**PROBLEM REQUIREMENTS:** Pictures are to be dropped, and only the lines from the one containing "The maternal mortality" through the end of the data below are to be reproduced as written.

####

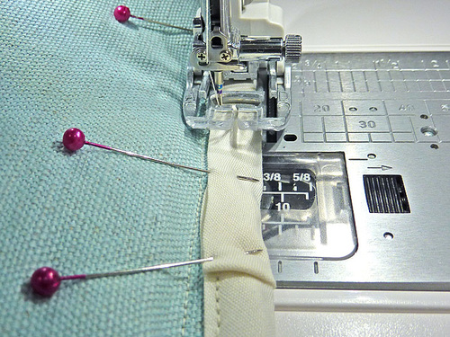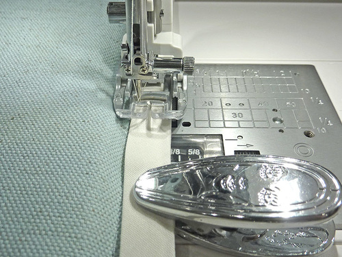 NOTE: Packaged bias binding tape has a slightly off-set fold. Place the slightly shorter side on top – on the side that will be facing up under the needle. This will help insure you catch both sides.
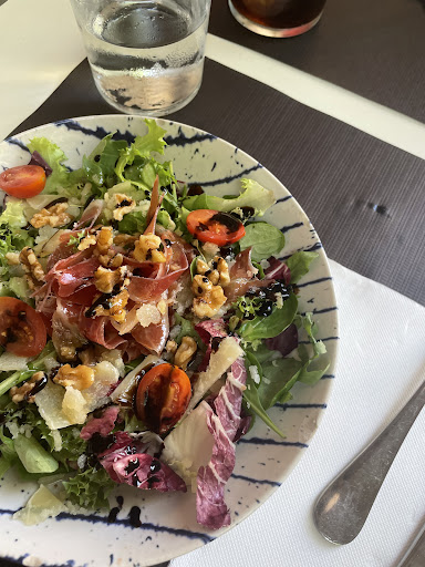 We wandered by this place at midday and it was super busy so we decided to try it. They have a €14 menu del dia. We started with the rocket salad with salmon and pineapple and cherry tomatoes, pepitas, sunflower seeds, and raisins and the pesto pasta with sundried tomatoes, olives, walnuts, and rocket. For our second courses we had the bacalao and the ham with cheese escalope. Then we both had cheese cake with raspberry sauce for dessert. Everything was delicious and such an...
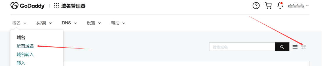 1.登陆GD账户,点击域名二级菜单栏的【所有域名】进入域名管理界面,点击搜索框右边的高级列表视图。
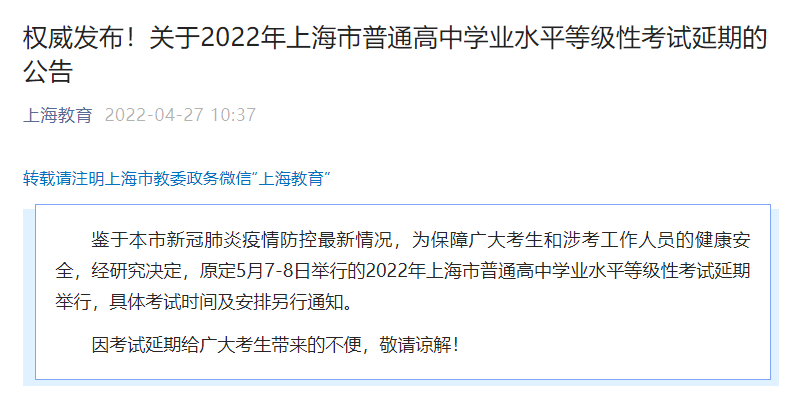 荔枝新闻讯 “上海教育”微信公众号4月27日消息,鉴于上海市新冠肺炎疫情防控最新情况,为保障广大考生和涉考工作人员的健康安全,经研究决定,原定5月7-8日举行的2022年上海市普通高中学业水平等级性考试延期举行,具体考试时间及安排另行通知。
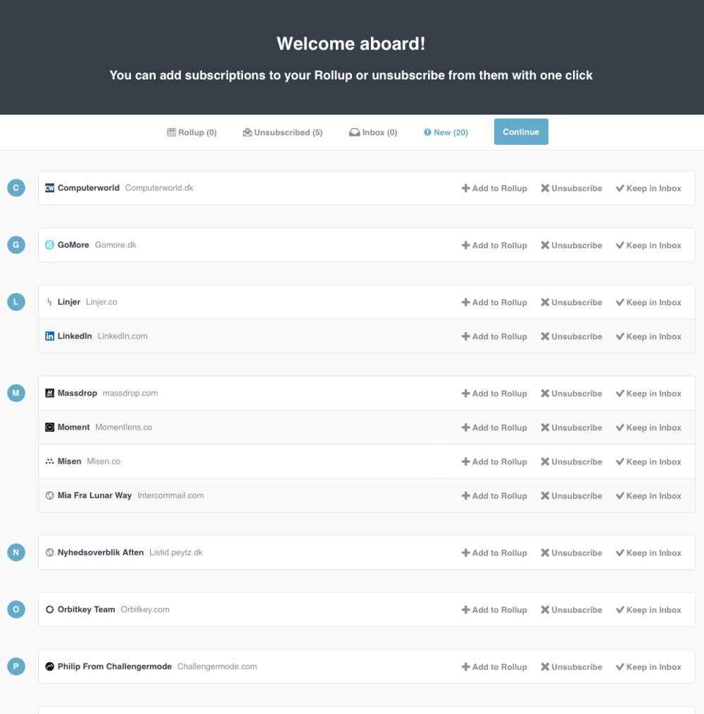 Du logger ind på Unrolls hjemmeside med din Google, Yahoo eller Outlook, hvorefter du ser en lang liste af dine tilmeldte nyhedsbreve, som du efterfølgende kan fra- eller tilvælge.
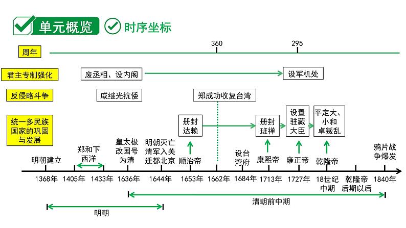 这是一份2024海南中考历史二轮中考题型研究 中国古代史 明清时期:统一多民族国家的巩固与发展(课件),共45页。PPT课件主要包含了世纪中期,乾隆帝后期以后,顺治帝,皇太极改国号为清,明朝建立,设内阁,戚继光抗倭,康熙帝,雍正帝,乾隆帝等内容,欢迎下载使用。
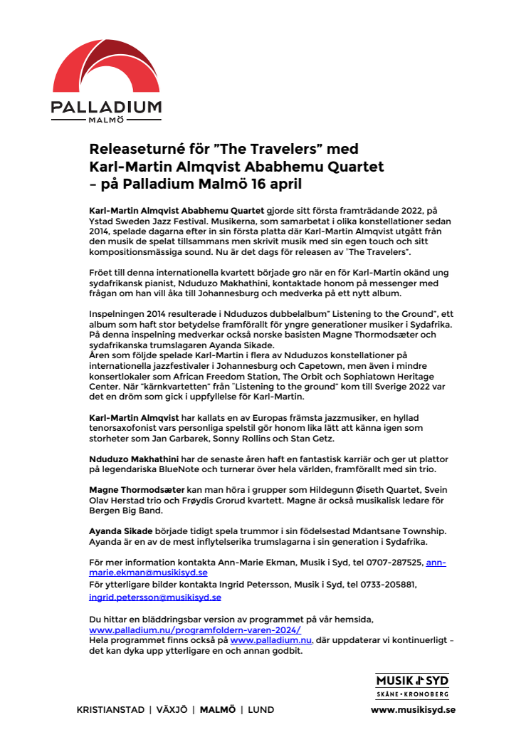 Karl-Martin Almqvist Ababhemu Quartet är på releaseturné med albumet ”The Travelers” och kommer till Palladium Malmö 16 april. Kvartetten består av Karl-Martin Almqvist, tenorsaxofon, Nduduzo Makhathini, piano, Magne Thormodsæter, bas och Ayanda Sikade, trummor.
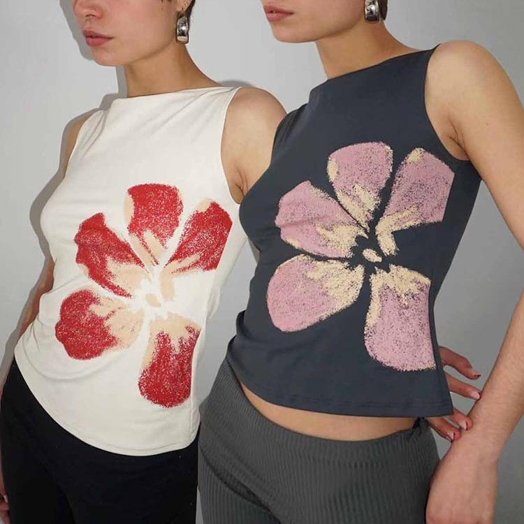 2025 Новая Мода Женские Укороченные Майки В Облежку С Цветочным Принтом Вырез Лодочкой Без Рукавов Летние Топы для Вечеринки Клуба — купить товар онлайн с бесплатной доставкой по всему миру!
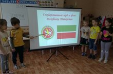 Сегодня старшей группы № 11 с детьми была проведена образовательная деятельность по теме «Моя Родина-Татарстан», посвященная 100 ТАССР. В ходе занятия дети познакомились с природными богатствами республики, прослушали аудиозапись с гимном Татарстана, рассмотрели иллюстрации герба и флага Республики, национальные костюмы, головные уборы и обувь, татарские блюда. Республика Татарстан многонациональная республика, во время занятия детям объяснили, что нужно жить дружно, относиться друг к другу с уважением.
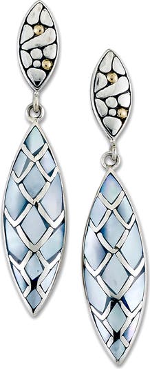 Warm 18-karat gold accents shine brightly against these polished earrings sweetened further by mother-of-pearl drops.
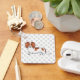 Destei's original cartoon illustration of a cute long hair red piebald coat colour Dachshund breed dog. There is also a personalizable text area for a name on the other side. The background has a pattern of grey dog paw prints.
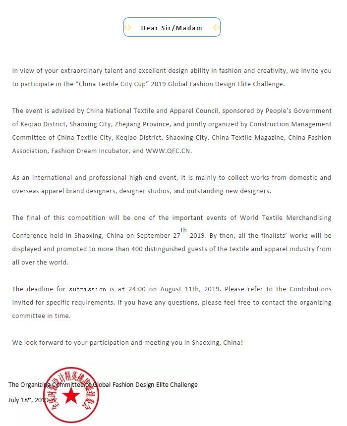 【Invitation】2019 Global Fashion Design Elite Challenge
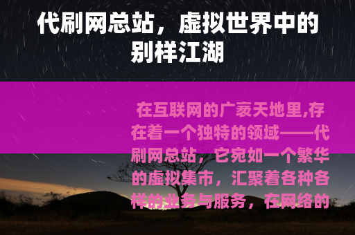 在互联网的广袤天地里,存在着一个独特的领域——代刷网总站,它宛如一个繁华的虚拟集市,汇聚着各种各样的业务与服务,在网络的世界中散发着独特的魅力。
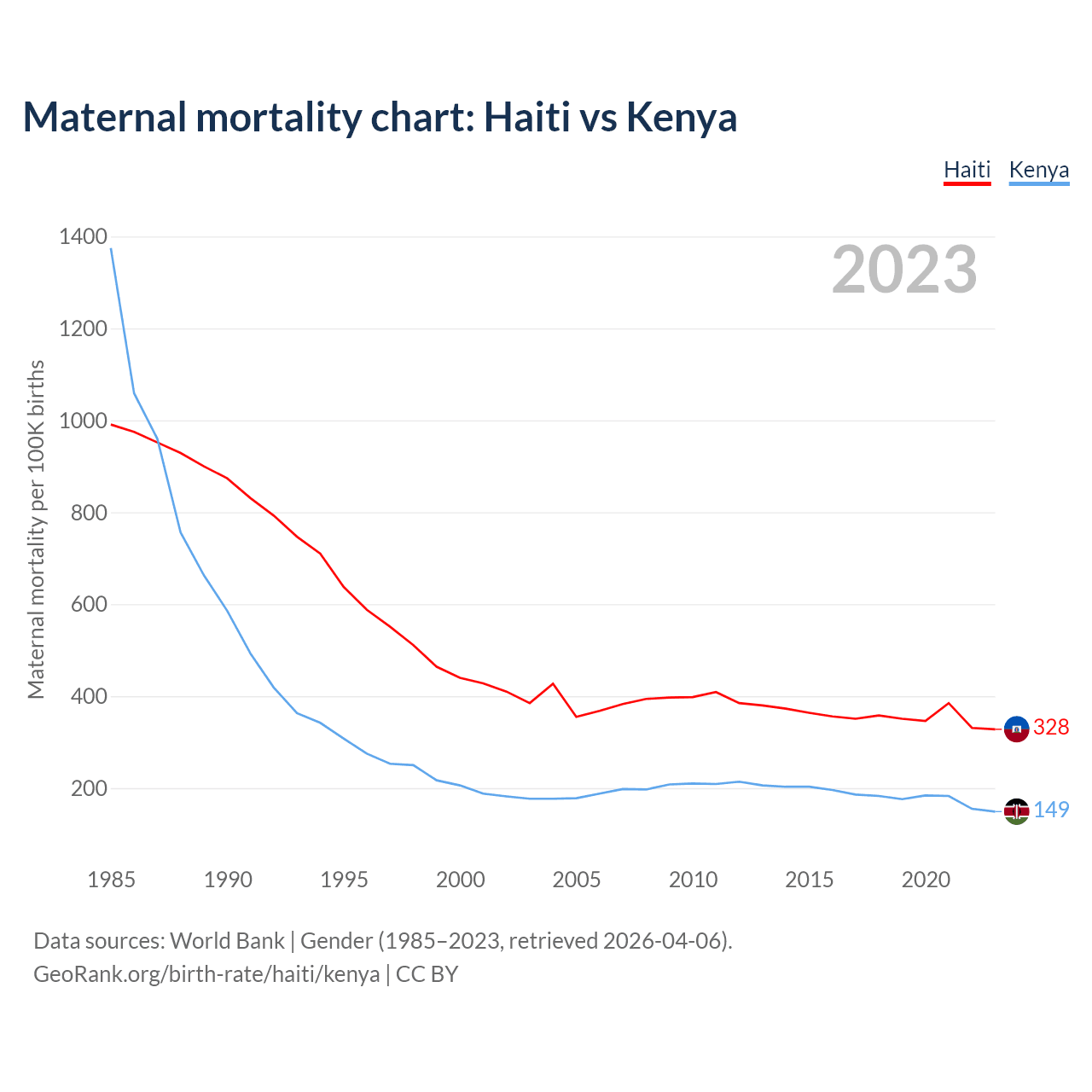 The maternal mortality rate, which is the probability of dying during childbirth or within 42 days of pregnancy termination, is 328 deaths per 100,000 live births in Haiti, compared to 149 deaths in Kenya.
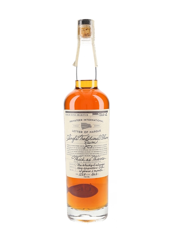 A bottle of Thick as Thieves 3 Year and 1 Month Old Single Traditional Column Rum produced by Privateer International. This was matured in a new American oak and bottled at 56.2% exclusively for The Whisky Exchange.

####

**YOUR SOLUTION:**
 The maternal mortality rate, which is the probability of dying during childbirth or within 42 days of pregnancy termination, is 328 deaths per 100,000 live births in Haiti, compared to 149 deaths in Kenya.
 A bottle of Thick as Thieves 3 Year and 1 Month Old Single Traditional Column Rum produced by Privateer International. This was matured in a new American oak and bottled at 56.2% exclusively for The Whisky Exchange.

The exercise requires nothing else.